AI comes down to earth

Editorial Type: Technology Focus Date: 2018-03-01 Views: 1,485 Tags: Document, AI, Print management, Strategy, Workflow, Software, Xerox PDF Version:
Dragana Pavlovic, senior vice president of the Global Development Group for Xerox Corporation, asks what has to change in order for the print industry to use AI to its full potential

If you take an interest in annual industry predictions you'll have noticed artificial intelligence (AI) top nearly every reputable 2018 list. Amidst the sensationalist claims of robots stealing human jobs and societal concerns about AI spinning out of control, PricewaterhouseCoopers (PwC) was on hand to ground the AI conversation firmly in the present. In its 2018 AI Predictions, PwC stated that 2018 is the year that "AI will come down to earth - and get to work."

PwC predicts that in 2018 AI will finally start doing things; yet not necessarily in ways which set the world alight per certain overzealous media headlines. For AI to come down to earth, it needs to function at its most basic level and this boils down to automating processes - something the print industry has talked about for some time. With UK printers under increasing pressure to drive cost savings and remain competitive, is the industry really using AI to its full potential?

HOW CAN AI HELP?
The definition of AI is generally accepted to mean the ability of a machine to imitate intelligent human behaviour. Admittedly, this definition is an umbrella term for a broad spectrum of technology so the industry coined four distinctive categories of AI:

- Reactive machines - The most basic functionality of AI where the machine can only react to current scenarios, with no ability to use experience to inform decisions.

- Limited memory - The machine can make observations about its environment to inform a decision i.e. the technology behind self-driving cars.

- Theory of mind - At this point, AI becomes more futuristic. To fall into this category, AI must have the ability to understand thoughts and emotions, and use this to react to the world around it.

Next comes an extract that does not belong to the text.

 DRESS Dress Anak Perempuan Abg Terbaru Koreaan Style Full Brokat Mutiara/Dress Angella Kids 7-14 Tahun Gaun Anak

- Self-aware AI - The most advanced type of AI and requires the machine to have its own consciousness, something that does not exist - yet.

There may be a lot of hype and speculation around the latter two categories, but in reality it's the AI which falls into the 'reactive machines' and 'limited memory' categories which the print industry should care about. This AI has the potential to open up lucrative new revenue streams for print businesses by improving the effectiveness of the end-to-end printing process, from print job creation through to continuous production and machine service optimisations.

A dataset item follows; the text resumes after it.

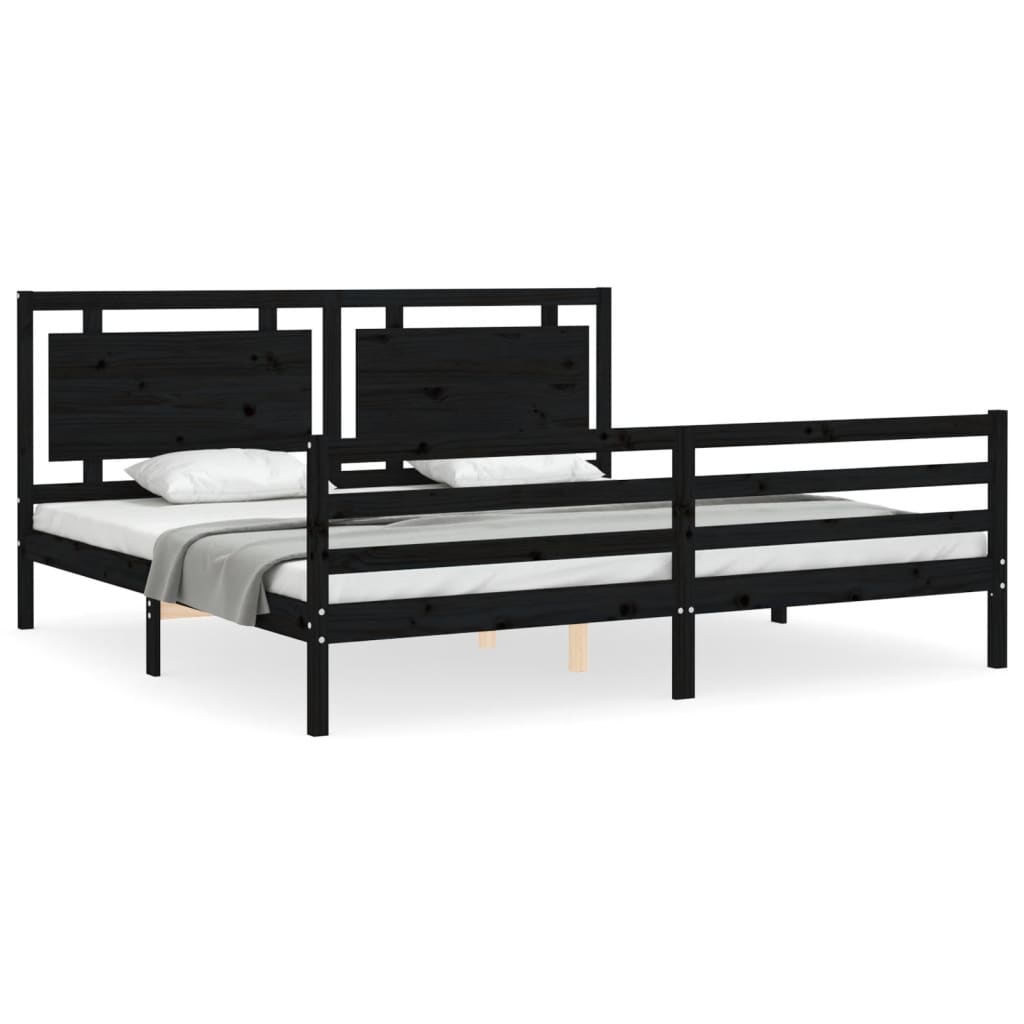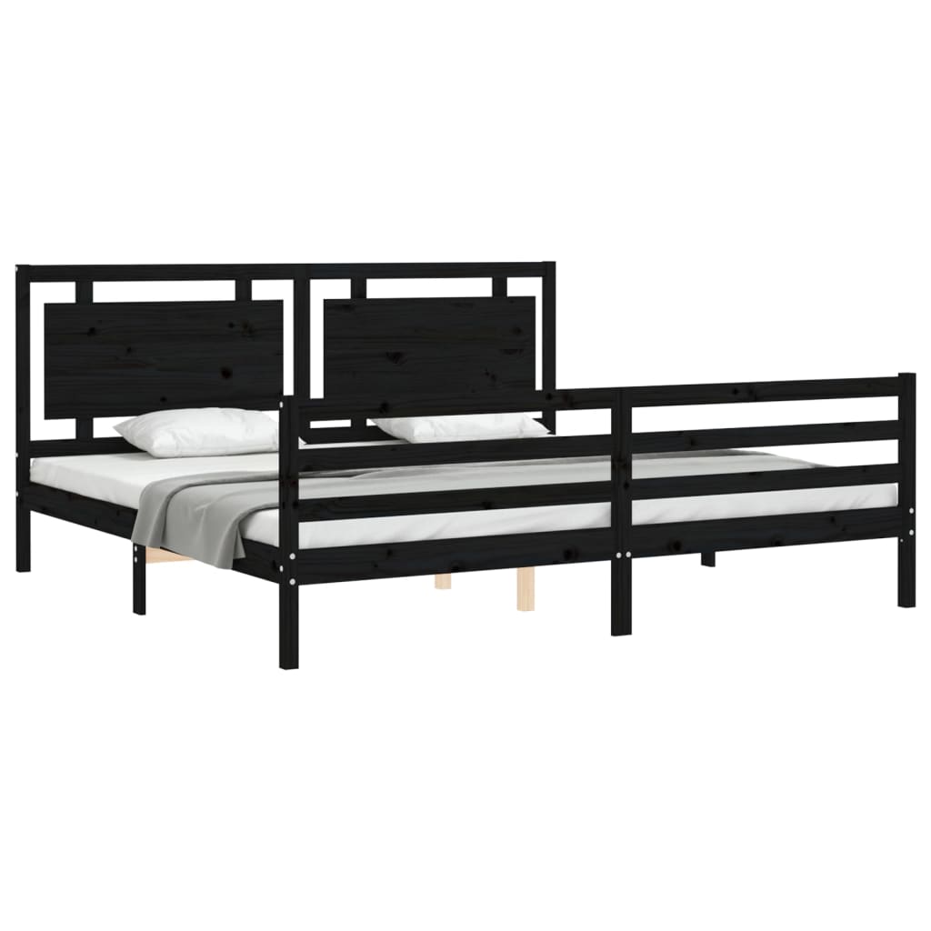 Cadru pat cu tăblie 200×200 cm, negru, lemn masiv

WHERE IS THE BEST PLACE TO START?
In theory, AI can improve any and every aspect of the print process, limited only by the amount of resource (financial, technological, employee) available to make this change. As with the introduction of any new technology into a business, it takes time to truly assess what makes the most sense for your business.

You may choose, for example, to implement AI to automate tasks that were previously bottlenecks in the printing process - increasing the business' daily output. Alternatively, you might decide to offload some of the more routine work to a machine in order to enable your team to focus on more strategic work.

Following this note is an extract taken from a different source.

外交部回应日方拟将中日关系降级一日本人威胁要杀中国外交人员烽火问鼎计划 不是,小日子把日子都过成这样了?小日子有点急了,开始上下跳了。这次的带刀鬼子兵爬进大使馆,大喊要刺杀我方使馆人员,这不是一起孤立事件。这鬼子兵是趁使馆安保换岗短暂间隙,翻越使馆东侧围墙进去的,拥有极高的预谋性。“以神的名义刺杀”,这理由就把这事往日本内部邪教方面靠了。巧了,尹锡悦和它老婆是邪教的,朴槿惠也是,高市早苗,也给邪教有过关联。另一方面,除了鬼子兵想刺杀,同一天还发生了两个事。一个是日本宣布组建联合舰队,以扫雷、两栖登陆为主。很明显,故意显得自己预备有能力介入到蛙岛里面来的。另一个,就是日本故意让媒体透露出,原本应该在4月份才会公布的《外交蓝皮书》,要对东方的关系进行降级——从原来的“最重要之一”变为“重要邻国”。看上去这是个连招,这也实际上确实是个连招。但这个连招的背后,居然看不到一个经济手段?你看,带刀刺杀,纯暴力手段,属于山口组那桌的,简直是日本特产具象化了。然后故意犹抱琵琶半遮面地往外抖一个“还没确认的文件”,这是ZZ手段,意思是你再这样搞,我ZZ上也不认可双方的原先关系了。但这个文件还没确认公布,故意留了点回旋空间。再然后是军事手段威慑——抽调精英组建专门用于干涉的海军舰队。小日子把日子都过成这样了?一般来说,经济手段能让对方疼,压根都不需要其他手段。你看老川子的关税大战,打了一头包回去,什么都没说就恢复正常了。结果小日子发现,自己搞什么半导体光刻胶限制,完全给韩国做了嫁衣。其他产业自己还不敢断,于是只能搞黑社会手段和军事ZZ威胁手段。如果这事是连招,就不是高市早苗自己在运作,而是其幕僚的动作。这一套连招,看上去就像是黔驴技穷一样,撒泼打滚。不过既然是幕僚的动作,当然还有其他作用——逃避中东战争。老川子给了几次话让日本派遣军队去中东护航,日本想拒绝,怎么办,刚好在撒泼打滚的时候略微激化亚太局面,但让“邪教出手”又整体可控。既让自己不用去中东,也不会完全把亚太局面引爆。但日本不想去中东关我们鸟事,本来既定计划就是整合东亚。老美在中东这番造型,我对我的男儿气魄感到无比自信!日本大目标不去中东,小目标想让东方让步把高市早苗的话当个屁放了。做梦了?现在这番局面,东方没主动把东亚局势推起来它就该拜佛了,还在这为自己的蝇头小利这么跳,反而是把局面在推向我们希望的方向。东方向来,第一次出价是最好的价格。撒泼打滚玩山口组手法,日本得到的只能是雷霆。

There are multiple examples of this in practice. For example, many printers have transformed their print process by utilising software with smart algorithms that can decipher different document layouts, such as optimising imposition, in order to minimise printed waste. This drives cost savings and is environmentally beneficial too.

Similarly, those in the business of printing direct mail and catalogues are taking advantage of the data they have available to automatically customise the content for the recipient, creating more relevant mailings. This is a small change but one which can give you the edge over the competition.

Your starting point could also be as simple as installing smart software that has the ability to monitor which presses are busy and then route new jobs to available presses on your behalf. Xerox presses such as the iGen 5 employ sensors to constantly monitor themselves and make real-time in-process adjustments for paper alignment and image quality to provide the best possible printing outcome without human intervention.

From a maintenance perspective, today's machines will also connect back to their supplier - allowing machine data to be analysed securely, compared to expected performance and then adjusted or updated remotely. In the future, this data could be used to predict the need for service before the machine fails.

WHAT CAN WE EXPECT IN THE FUTURE?
Whilst creating real revenue in 2018 is arguably much more valuable than speculating over predicted revenue in 2028, the potential for AI to change the print industry even further is not too far away. With the rise of digital content, there is a huge opportunity to leverage online data to offer much more personalised print services in the future, such as creating customised photo-books by determining a user's favourite social media images, or synthesising targeted print catalogues or newsletters based on what pages the shopper is looking at.

But in the spirit of coming down to earth, there is also a very real opportunity in the here and now to take advantage of the available software and kit to bring the benefits of AI to your business. So what are you waiting for? Step back, look at your current processes and see where you could use this revolutionary piece of technology to unlock even greater value.
More info: www.xerox.com

"As with the introduction of any new technology into a business, it takes time to truly assess what makes the most sense for your business. You may choose, for example, to implement AI to automate tasks that were previously bottlenecks in the printing process - increasing the business' daily output. Alternatively, you might decide to offload some of the more routine work to a machine in order to enable your team to focus on more strategic work."